Since their publication, the WHO guidelines for the hospital treatment of children with SAM have been implemented in many countries worldwide. A recent systematic review highlighted that their implementation has resulted in half of the in-hospital mortality observed with conventional treatment.⁴

Despite these guidelines, SAM-related mortality remains high in many settings primarily because of operational hindrances to correct guideline implementation^6,7 and because the affected population has changed as a result of the epidemic of human immunodeficiency virus (HIV) in many countries. A recent systematic review of 17 studies (4891 children) reported that, despite treatment for malnutrition, malnourished children who are HIV-positive (HIV+) are significantly more likely to die than malnourished children who are HIV-negative (HIV−) (30.4% versus 8.4%, respectively; P < 0.001; relative risk, RR: 2.81).⁸ Other factors, such as changing patterns of susceptibility to antibiotics, may also explain the reduced effectiveness of the guidelines in some contexts.

The WHO guidelines for the hospital treatment of children with SAM include a sequence of 10 fundamental steps.
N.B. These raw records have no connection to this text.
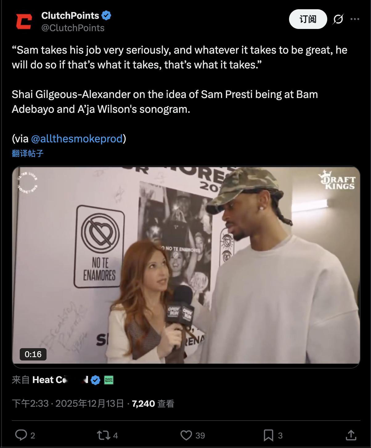 亚历山大今天被问到最近外网很火的一个梗:普雷斯蒂是否会陪同阿德巴约和WNBA巨星阿贾威尔逊的宝宝做超声波检查?他回答道:“普总工作兢兢业业,为了成功他什么都愿意做的。如果他必须去的话,那他肯定会去的。”编辑by小魏雷霆阿德巴约太拉了阿贾威尔逊四夺常规赛mvp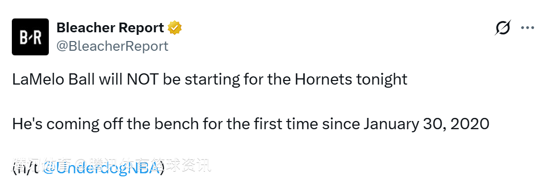据记者Rod Boone报道,球队做出如此调整是为了应对密集的背靠背赛程。黄蜂希望通过错开首发时间来优化三球的体能分配,从而在比赛决胜的第四节,让他能以更充沛的体能获得更多上场时间,最大化其对比赛的影响力。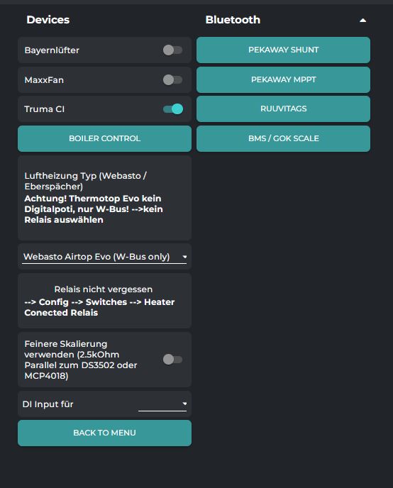 Hab keine Moglichkeit gefunden die Heizung übers Display zu starten, hierfür wie nutze ich den Steuerteil Webasto/generic aus dem Dashboard. Auch aus der App klappt es, aber das Display scheint nur eine Steuermöglichkeit für Autotherm/Truma ? zu bieten. Mit Boiler und Lüftung. Bestimmt ich irgendwo nur nen Haken nicht gesetzt, ich könnte es aber nicht finden.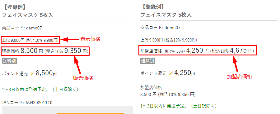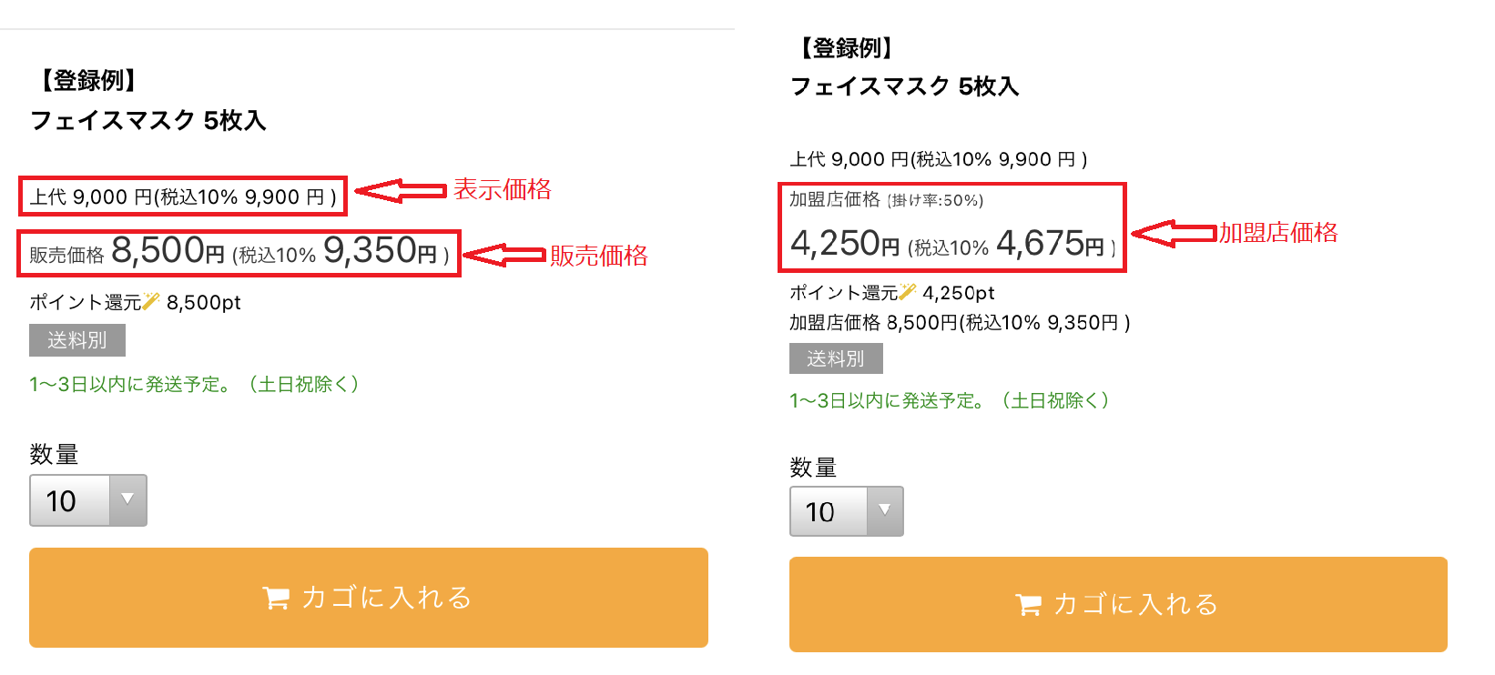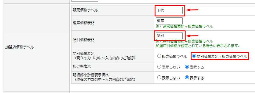※販売価格と加盟店価格の文言は、カートシステム設定>出品機能設定タブ から設定できます。

We focus this review on WHO’s recommendations for antibiotic treatment (Box 1).^2,3

Box 1. WHO guidelines for the management of children with severe acute malnutrition^2,3.

• If the child appears to have no complications, give: cotrimoxazole for 5 days (20 mg of sulfamethoxazole + 4 mg of trimethoprim per kilogram orally twice daily). A short course of oral antibiotics is also advised for children with uncomplicated SAM treated in the community.⁵

• If there are complications give: ampicillin (25–50 mg/kg IM/IV 6-hourly for 2 days), then oral amoxicillin (15 mg/kg 8-hourly for 5 days) OR, if amoxicillin is not available, oral ampicillin (25–50 mg/kg 6-hourly for 5 days) over a total of 7 days AND gentamicin (7.5 mg/kg IM/IV) once daily for 7 days.
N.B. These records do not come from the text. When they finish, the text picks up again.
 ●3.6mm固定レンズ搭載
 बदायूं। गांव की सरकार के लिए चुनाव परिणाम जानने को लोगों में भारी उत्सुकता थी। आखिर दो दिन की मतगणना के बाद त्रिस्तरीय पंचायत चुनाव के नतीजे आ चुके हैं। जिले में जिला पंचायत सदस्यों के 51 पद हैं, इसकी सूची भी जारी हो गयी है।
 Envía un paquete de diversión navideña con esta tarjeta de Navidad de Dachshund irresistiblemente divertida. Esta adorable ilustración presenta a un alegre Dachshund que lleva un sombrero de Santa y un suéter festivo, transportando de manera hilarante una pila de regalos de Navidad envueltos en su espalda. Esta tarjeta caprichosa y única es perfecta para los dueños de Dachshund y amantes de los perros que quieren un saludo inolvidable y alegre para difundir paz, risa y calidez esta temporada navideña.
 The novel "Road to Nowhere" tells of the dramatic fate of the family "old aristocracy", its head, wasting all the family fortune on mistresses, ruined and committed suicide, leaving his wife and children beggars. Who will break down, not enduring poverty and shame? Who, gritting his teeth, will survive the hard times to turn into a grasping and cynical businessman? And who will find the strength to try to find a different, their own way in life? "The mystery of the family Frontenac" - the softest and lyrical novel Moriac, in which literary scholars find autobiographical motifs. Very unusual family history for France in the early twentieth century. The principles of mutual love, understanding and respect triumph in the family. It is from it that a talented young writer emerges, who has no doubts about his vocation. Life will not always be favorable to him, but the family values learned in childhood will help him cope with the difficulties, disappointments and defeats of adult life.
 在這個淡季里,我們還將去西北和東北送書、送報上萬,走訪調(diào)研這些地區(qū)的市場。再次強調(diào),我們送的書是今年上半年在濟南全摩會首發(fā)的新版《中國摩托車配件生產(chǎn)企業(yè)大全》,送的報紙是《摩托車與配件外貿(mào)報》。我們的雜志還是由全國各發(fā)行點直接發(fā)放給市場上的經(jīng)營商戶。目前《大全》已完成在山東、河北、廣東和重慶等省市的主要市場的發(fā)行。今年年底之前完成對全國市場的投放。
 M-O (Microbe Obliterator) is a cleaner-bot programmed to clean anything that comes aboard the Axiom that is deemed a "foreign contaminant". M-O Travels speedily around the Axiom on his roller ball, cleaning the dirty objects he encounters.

• If the child fails to improve within 48 hours: add chloramphenicol (25 mg/kg IM/IV 8-hourly) for 5 days.

• If meningitis is suspected: do a lumbar puncture for confirmation, where possible, and treat with chloramphenicol (25 mg/kg 6 hourly) for 10 days.
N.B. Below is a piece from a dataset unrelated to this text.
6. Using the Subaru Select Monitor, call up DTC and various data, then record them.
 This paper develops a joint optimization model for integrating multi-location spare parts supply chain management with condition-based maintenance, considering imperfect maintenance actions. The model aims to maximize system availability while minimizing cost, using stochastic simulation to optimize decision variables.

• If other specific infections are identified (such as pneumonia, dysentery, skin- or soft-tissue infections): give antibiotics as appropriate.

Antimicrobials should be continued for at least 5 days. The duration of treatment depends on the response and nutritional status of the child. If anorexia still persists after 5 days of treatment, give the child another 5-day course. The regimens should be adapted depending on local resistance patterns.

Rationale for antibiotics in severely malnourished children

Several epidemiological studies have documented a high prevalence of pneumonia, bacteraemia and urinary tract infections in children with malnutrition (Table 1).^9–23 In this cohort a wide range of both Gram-positive and Gram-negative organisms are frequently isolated,^9–23 which supports the recommendation of a broad spectrum antibiotic for these children.^2,3

Table 1. Incidence of bacterial infections in children with severe acute malnutrition.

Year	Country	No. of children (% HIV+)	Grade of malnutrition	Bacteraemia (%)	LRTI (%)	UTI (%)	Isolated bacteria	Antibiotic resistance in vitroa
								TMP-SMX	Clavul	Ampi	Genta	CAF	Ceph	Cipro
2006	United Republic of Tanzania9	781 (19)	Severe	3	17	8	NR
2006	Kenya9	340 (9)	Severe	5	7	–	NR
2006	Uganda10	450 (36)	Severe	17	–	–	Salmonella typhimurium, Staphylococcus aureus, Salmonella enteritidis, Streptococcus pneumoniae	+++		++		++
2006	Uganda11	315 (39)	Severe	18	68	26	NR
2006	Uganda12	134 (44)	Severe	22	–	–	Salmonella spp, Escherichia coli	+++		+++	++	++
2005	Kenya13	91 (43)	Severe	29	–		Coagulase-negative staphylococci	++		++		++	++
2002	Nigeria14	194 (NR)	Severe	–	–	11.3	Escherichia coli, Klebsiella spp, Pseudomonas spp	+++	+++		+		++/+++
2001	Congo15	Unclear	Severe	13.2	–	–	Enterobacteriaceae			++	++	++
2001	Jamaica16	150 (NR)	Mod-severe	10	–	–	Coagulase-negative staphylococci		+	+	+
2000	Malawi17	75 (25)	Severe	9	–	17	Streptococcus pneumoniae, Klebsiella spp, Escherichia coli
2000	Turkey18	103 (NR)	All	–	–	31	Escherichia coli, Klebsiella spp, Proteus spp	+++					+	+
1996	South Africa19	323 (NR)	Severe	9.6	–	–	Gram-negative enteric bacilli
1995	South Africa20	134 (NR)	Severe	–	–	26	Gram-negative enteric bacilli
1994	Gambia21	378b (NR)	All	–	28	–	Streptococcus pneumoniae, Haemophilus spp
1992	South Africa22	134 (NR)	NR	–	–	26	NR
1992	United Republic of Tanzania23	164 (NR)	Severe	Infections at admission: 92% In-hospital infections: 49%			Staphylococcus aureus, Escherichia coli, Klebsiella spp, Enterococcus faecalis, Escherichia coli

Ampi, ampicillin; CAF, chloramphenicol; Ceph, cephalosporin (ceftriaxone; cefotaxime, ceftazidime); Cipro, ciprofloxacin; Clavul, amoxicillin and clavulanic acid; Genta, gentamicin; LRTI, lower respiratory tract infection; NR, not reported; spp, species; TMP-SMX, corimoxazole; UTI, urinary tract infection.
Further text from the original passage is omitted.